O EIXO 3 JOGOS/BRINCADEIRAS

O eixo 3 foi marcado basicamente pelo lúdico. Já que tivemos a disciplina Ludicidade e Educação, marcada por jogos, brincadeiras e construção de regras a partir do brincar. A importância da brincadeira na constituição dos processos de desenvolvimento e de aprendizagem esta presente e cada vez sendo mais discutido nas escolas, mas por outro lado ainda percebe-se resistência por parte de alguns educadores que ainda hoje acreditam que o brincar é uma atividade à parte, paralela, de menor importância no contexto da formação escolar da criança. As brincadeiras, são consideradas tempo perdido, oposta ao trabalho, não produtivas. A medida que o tempo passa, a escolaridade avança, esses espaços de brincar vão sendo restringidos.
Segundo Vygotsky, o brincar é uma atividade humana criadora, na qual a imaginação, fantasia e realidade interagem na produção de novas possibilidades de interpretação, de expressão e de ação pelas crianças, assim como de novas formas de construir relações sociais com outros sujeitos e adultos.
É através da brincadeira que conhecemos nossas crianças e os adolescentes, pois uma parte de seus mundos e experiências revela-se nas ações e significados que constroem, isso porque o processo do brincar referencia-se naquilo que os alunos conhecem e vivenciam.
Uma criança que não sabe brincar, será um adulto que não saberá pensar. É pelo brincar que crescem a alma e a inteligência. Ser produtora de suas ações faz com que a criança construa seu conhecimento e personalidade.
O jogo/brincar na escola assume também o papel da brincadeira, pois desenvolve funções tanto psicológicas quanto psíquicas. Exerce um papel de pré-exercício que permite a cada função explorar sua área, dando origem a novos resultados. Observar, questionar, discutir, interpretar, solucionar e analisar são algumas competências necessárias para se jogar bem. Por sentir-se desafiada a vencer, aprende a persistir, aprimorar-se e melhorar seu desempenho, não mais apenas como uma solicitação externa, mas como um desejo próprio de auto-superação.
O mundo do jogo, assim como o da brincadeira é muitas vezes uma antecipação do mundo das ocupações sérias. O jogo prepara para a vida, desenvolve na criança sua autonomia, sua personalidade, preparando-a para aprendizagens futuras.
Ao jogar e discutir jogadas, muitos conceitos são reavaliados, bem como diferentes aspectos do conhecimento são ampliados e aprofundados. Os jogos são utilizados como instrumentos para instigar as crianças, promovendo a observação da ações executadas e a análise das suas conseqüências.
Por tudo isso, que a sala de aula deve ser um espaço para a brincadeira/jogo, pois observá-la brincando permite que os adultos, alguns arrogantes, tentem entender o que se passa em sua cabecinha e, assim, talvez,compreender melhor o seu mundo e suas necessidades.
Através dos jogos e das brincadeiras é possível criar condições para que todas as crianças possam descobrir ou redescobrir que é possível aprender e que, mesmo as atividades mais formais podem dar prazer e despertar interesse. Afinal, a vida escolar não deve ser uma jornada de medo, fracasso e frustração. Redescobrimos que através do brincar nos ajustamos às regras ou as construímos em acordo com os demais.

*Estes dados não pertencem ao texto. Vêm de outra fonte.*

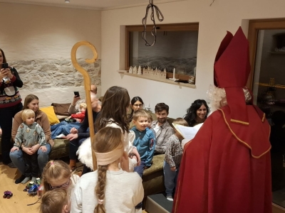 Thomas Andonie mit Selina Ferstl, Stefan Kommescher mit Franziska Kommescher und Matthias Handfest mit Elena Schmid waren rund um den Nikolaustag unterwegs, um Familien zu besuchen, die den Nikolaus Dienst bestellt hatten.
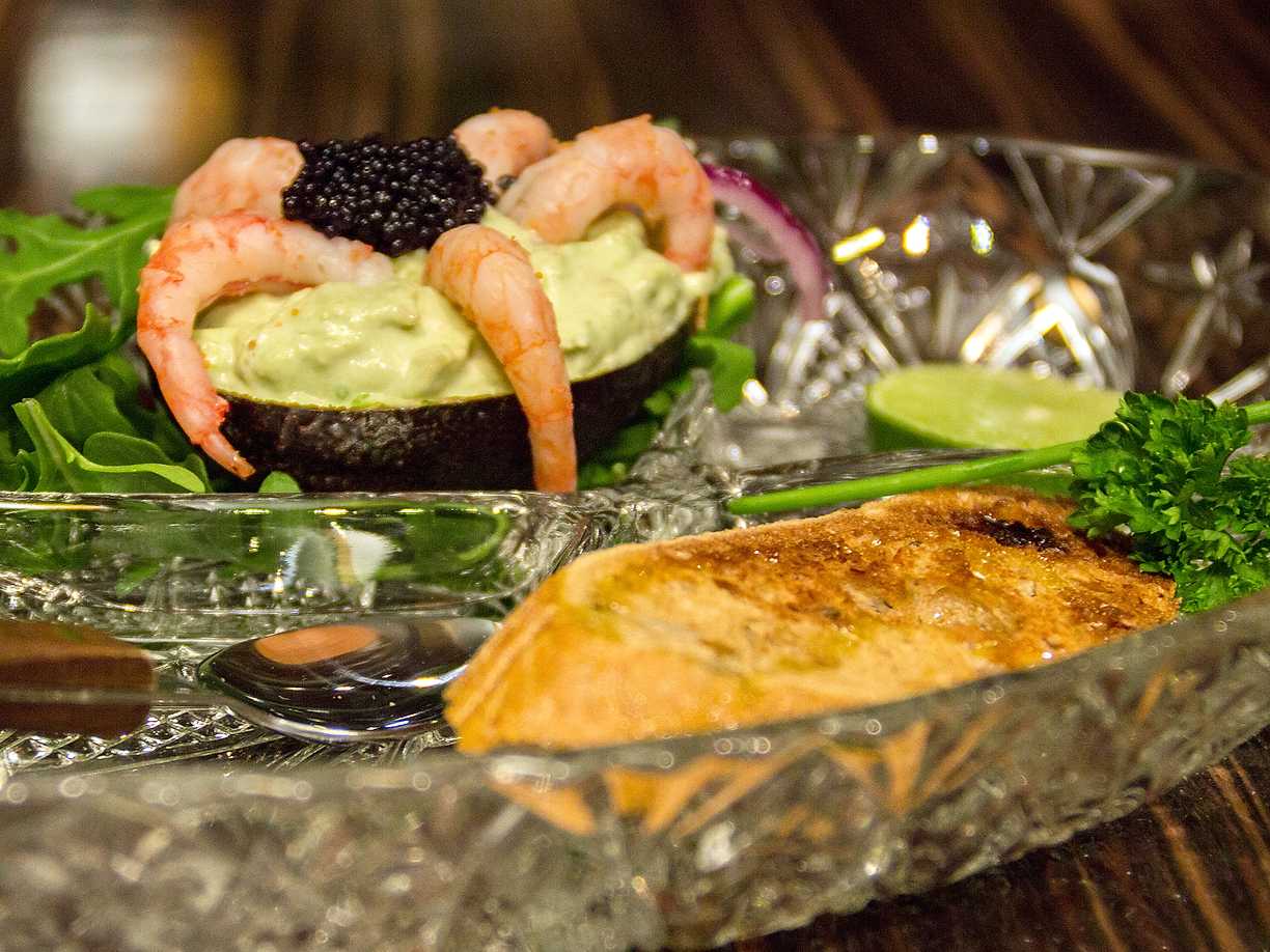 Fyllda avokadoskal med räkor och kaviar, "Ranchens räkado"

O jogo justamente se presta a perceber a impossibilidade da harmonia sem a observância a um conjunto de normas por parte de todos.
Também foi neste eixo que descobri o jogo cooperativo, pois até então minha formação foi praticamente toda sob bases de caráter competitivo e eliminatórias. A dança das cadeiras, jogo no qual caem fora as pessoas que não conseguem sentar-se no momento em que a música cessa, ilustra de forma fidedigna a indiferença com que são tratadas as pessoas que necessitam de seu tempo para aprender, para amadurecer ideias, para refletir. Por isso a importância de Piaget neste esclarecimento de como se dá o conhecimento, na interação do sujeito com o meio, com o objeto, para que alcance o processo de assimilação/acomodação e adaptação, conceitos que para mim inicialmente forma complexos mas que hoje estão perfeitamente esclarecidos, já que vivencio e vivenciei no PEAD em muitas atividades das interdisciplinas.


1 comentários:

  1. Oi Isa!! Novamente trazes uma retomada interessante do processo. Dica para as próximas postagens: se vais resgatar o que escreveste em um post publicado, remete-se a ele com um link.
    Abração!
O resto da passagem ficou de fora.